Post by smitcat » Fri Dec 13, 2019 3:01 pm

ohai wrote:
Fri Dec 13, 2019 2:53 pm
randomguy wrote:
Fri Dec 13, 2019 1:38 pm
ohai wrote:
Fri Dec 13, 2019 11:44 am
wrongfunds wrote:
Fri Dec 13, 2019 9:06 am
BH forum seems to have definite antipathy towards the FIRE crowd in general. BH don't like FIRE individual who assume $30K as annual expenses and BH don't like $350K as annual expense either. They both are equally maligned.

Seems pretty ironic to me.
$350k is actually what people make in those places though. If, for instance, your job requires you to work in New York City, then that is what you're going to spend to have a comfortable standard of living by other areas' standards.

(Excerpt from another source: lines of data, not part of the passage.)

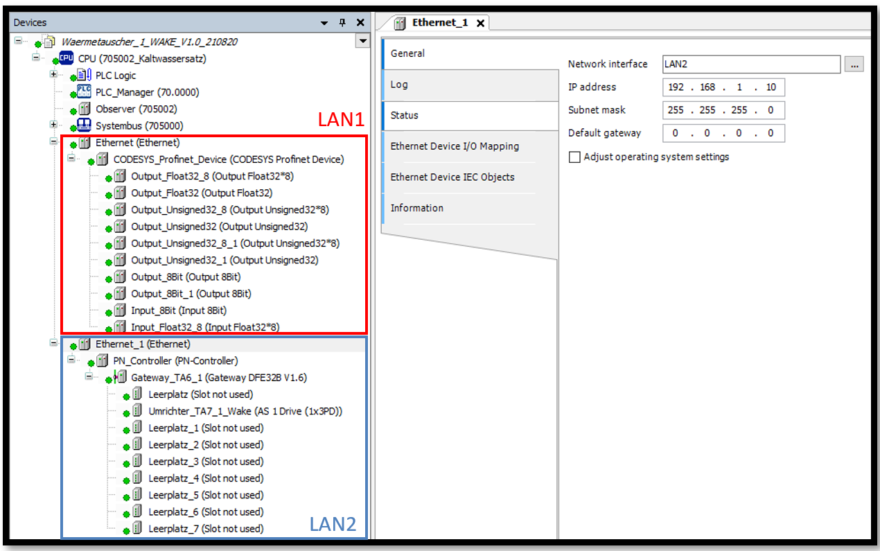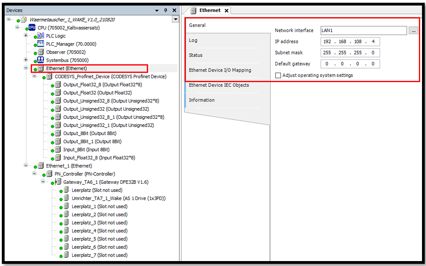 Am Ethernet-Device muss unter General das Network interface (LAN-Port) gewählt werden, worüber die Kommunikation erfolgen soll. Die IP Adresse muss identisch zur IP Adresse des Devices sein, welcher im PN-Controller anleget wurde.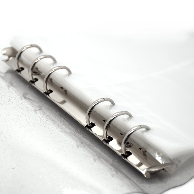 2)Stainless steel 6-ring binder---for easy page turning and replace pages at will.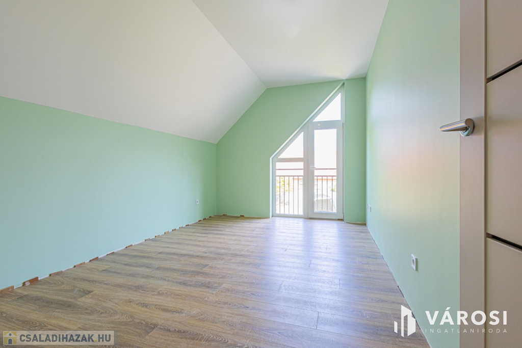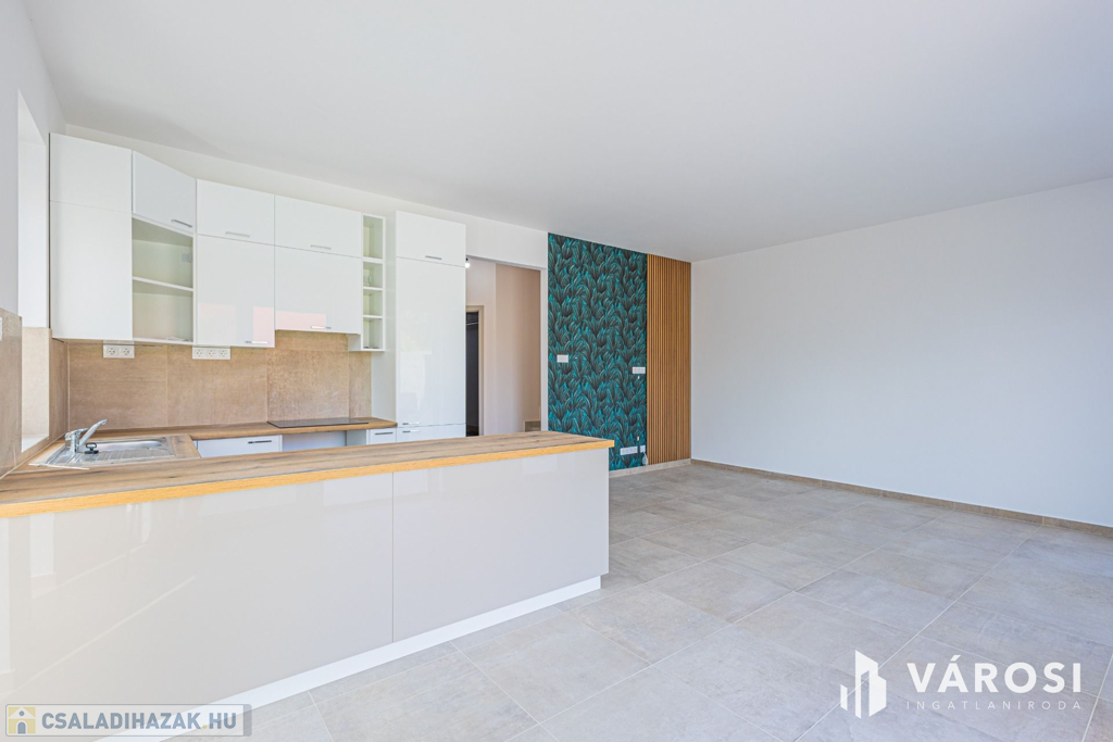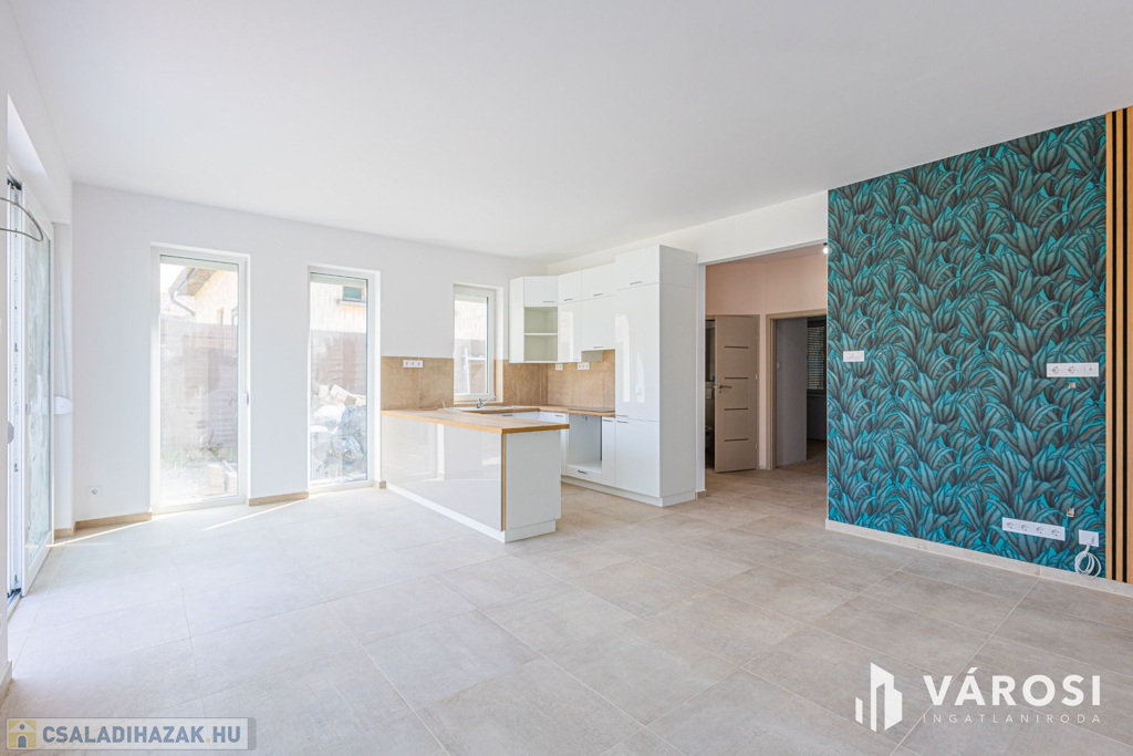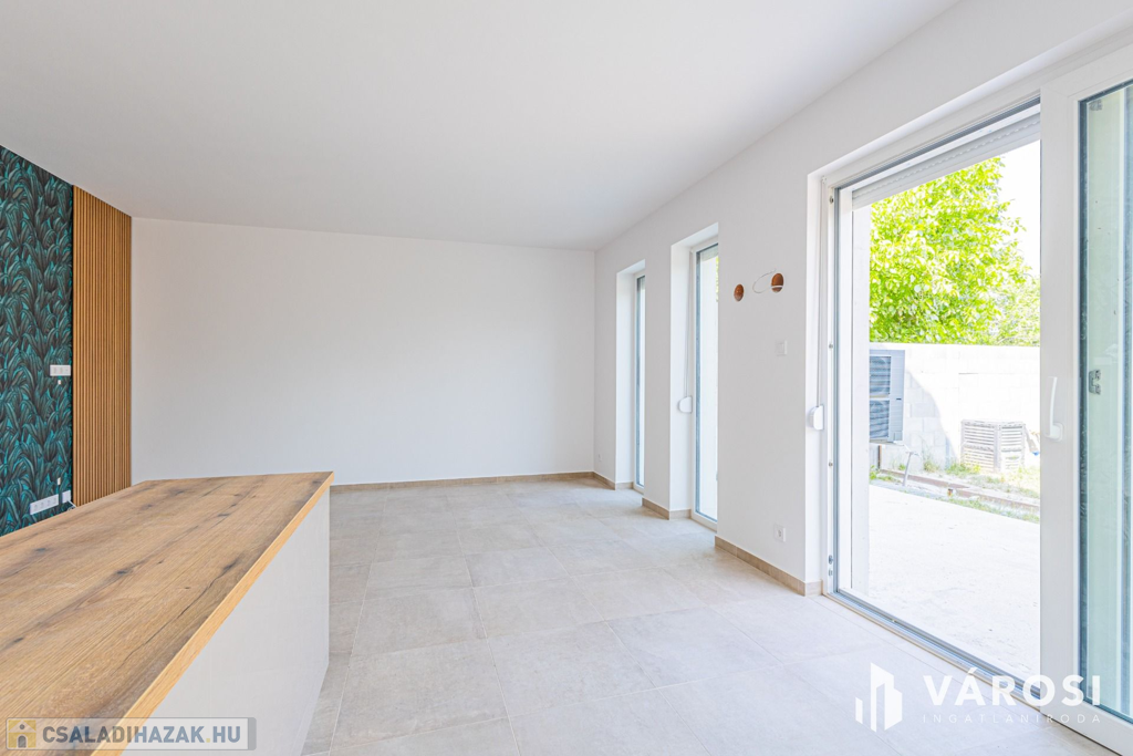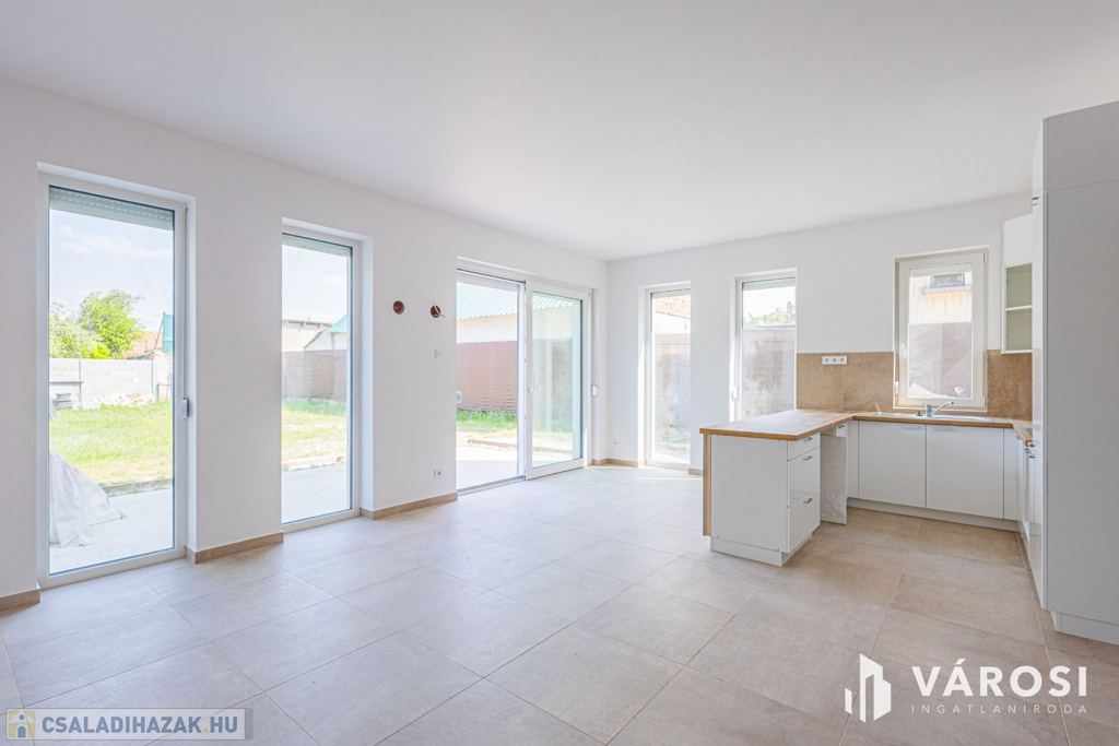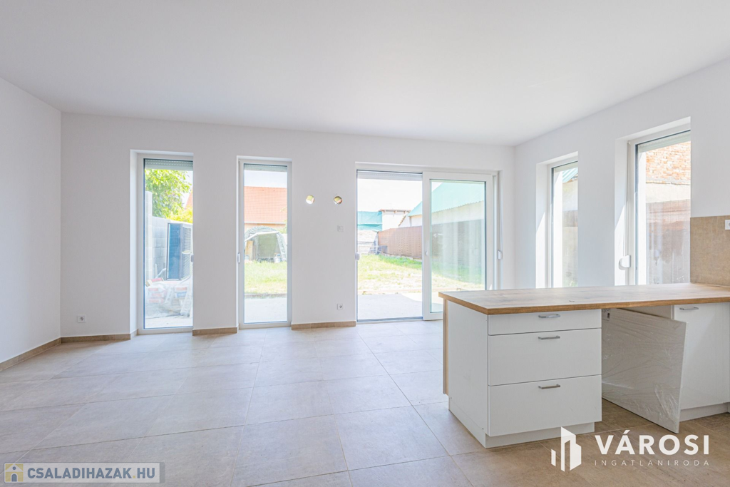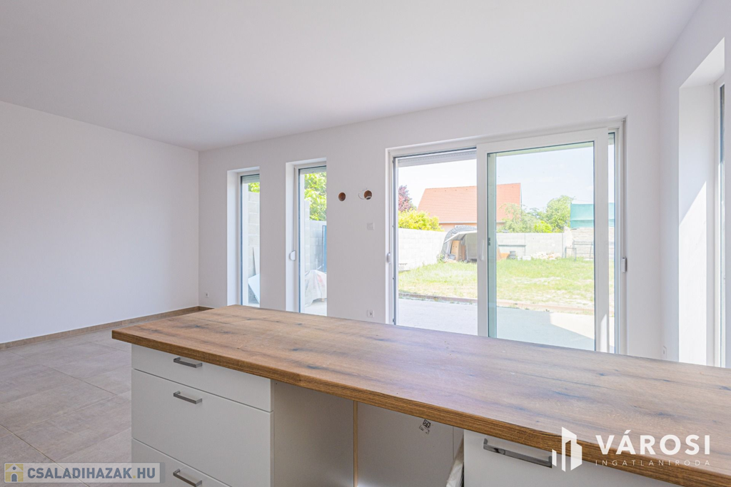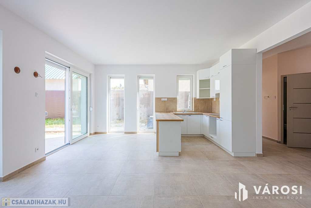 Szeged Kiskundorozsma városrészének csendes - ám központi - utcájában kínálom megvételre ezt a teljesen új építésű családi házat. A jelenlegi fiatal tulajdonosok 2024-ben maguknak vásárolták szerkezetkész állapotban, az ütemterveknek megfelelően haladnak a kulcsrakész befejezéssel, ami néhány héten belül várható. A lakótér cirka 140 négyzetméterén kiváló elosztásban egy amerikai konyhás nappalit és 4 külön hálószobát kapunk a mellékelt alaprajz szerinti elrendezésben. Az átgondolt és esztétikus megoldások az egész otthonra jellemzők. Rezsibiztos megoldásként a padlófűtés és melegvíz rendszert úgy alakították ki, hogy kondenzációs kazánról és hőszivattyúról is üzemelhet. A lakóteret a ház udvarával egy kellemes méretű terasz kapcsolja össze. Autóval garázsban és az udvarban is van lehetőség a parkolásra.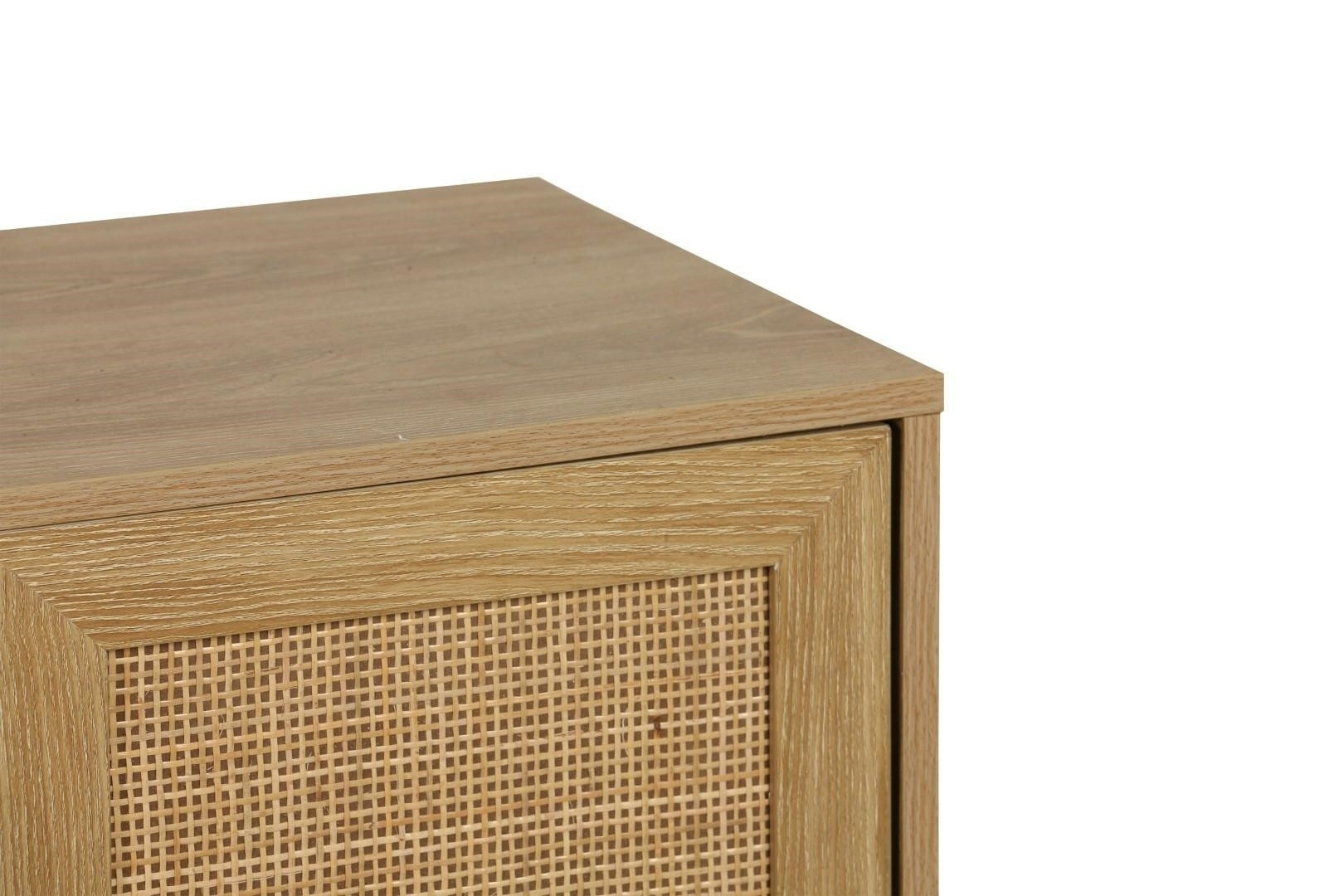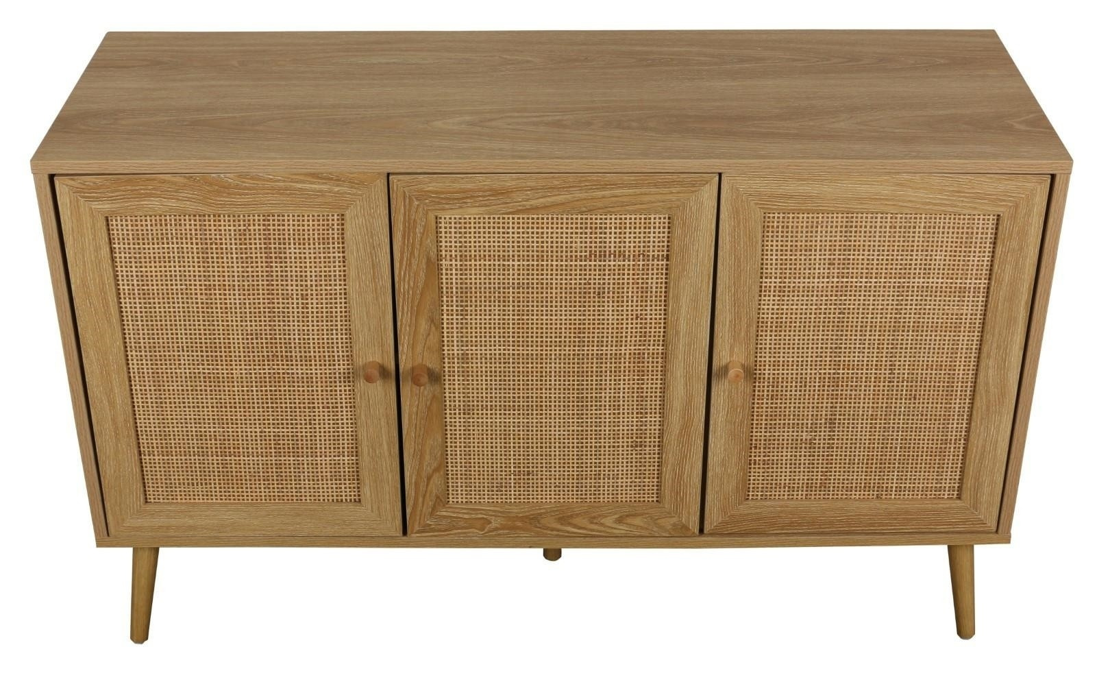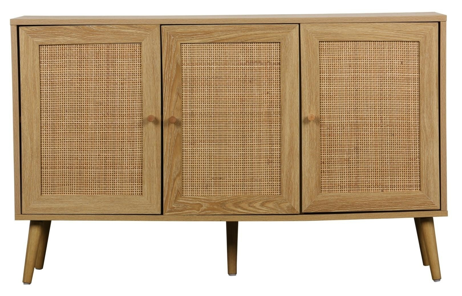 Komoda s 3 čelami zo série Ballo je moderný nábytok v prírodnom boho štýle. Minimalistická konštrukcia ozdobená prírodnými materiálmi ako ratan alebo masívne drevo sa osvedčí v interiéri zladenom s prírodnými farbami. Jasná skrinka v teplom odtieni dreva sa ideálne hodí do béžového interiéru. Materiál korpusu: drevotriesková doska laminovaná papierovým laminátom imitujúcim prírodnú farbu duba. Nohy komody vyrobené z masívneho borovicového dreva. Ratanová dekorácia čel. Vyžaduje montáž. Maximálne zaťaženie nábytku 50 kg. Rozmery kartónu: 45x14x122 cm
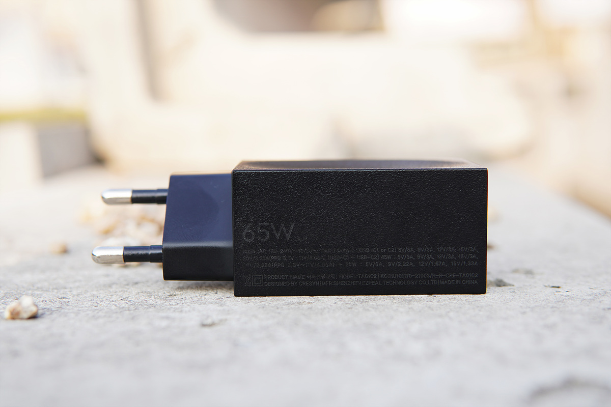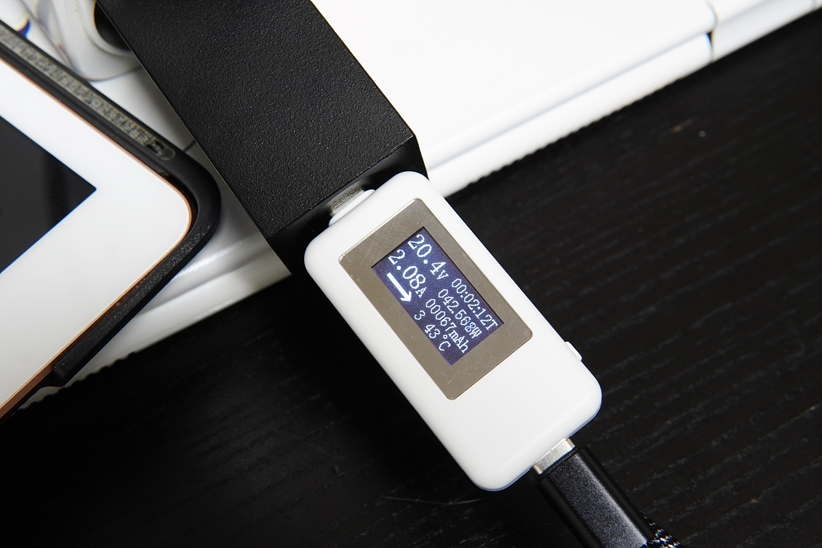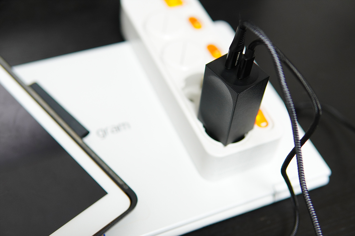 단일로 사용할 때 65W를 지원하고 두 개의 기기를 동시에 사용하더라도 45W+10W의 출력을 낼 수 있어서 노트북(gram)도 빠르게 충전할 수 있습니다. 고성능의 게이밍 노트북을 제외한다면 비슷한 사양의 노트북은 40~60W대의 출력을 필요로 하기 때문에 무거운 어댑터를 들고 다닐 필요가 없습니다. PD 포트로 노트북을 충전하기 위해서는 충전기뿐 아니라 케이블도 중요하기 때문에 출력이나 전류값을 꼭 확인하시기 바랍니다.

Of course, in retirement, it might not make sense, since you won't be geographically constrained to that degree.
350k is what some people make. The other 90% seem to get by on a lot less:) There is nothing wrong with choosing to spend more. Just don't pretend that it is necessary, That is a result of living in a bubble where all your friends make 350k so you think that level of spending is normal. It comes across as out of touch.
Ok, put it this way then. If you are the sort of person who has the choice to make $350k (and live that lifestyle), is it "normal" to choose to do it? To many people, it is even like an obligation - the best schools for kids, for example, is probably a primary motivation.
"To many people, it is even like an obligation - the best schools for kids, for example, is probably a primary motivation."
Keeping to the facts most folks in NY city make far less and take their lids schools seriously but commuting from areas where school are very good.
The NY City schools ratings compared to almost all adjoining areas within commuting distance is very easy to look up.

EnjoyIt
Posts: 4181
Joined: Sun Dec 29, 2013 8:06 pm

Re: Retiring at 24 - Extreme FIRE is it possible?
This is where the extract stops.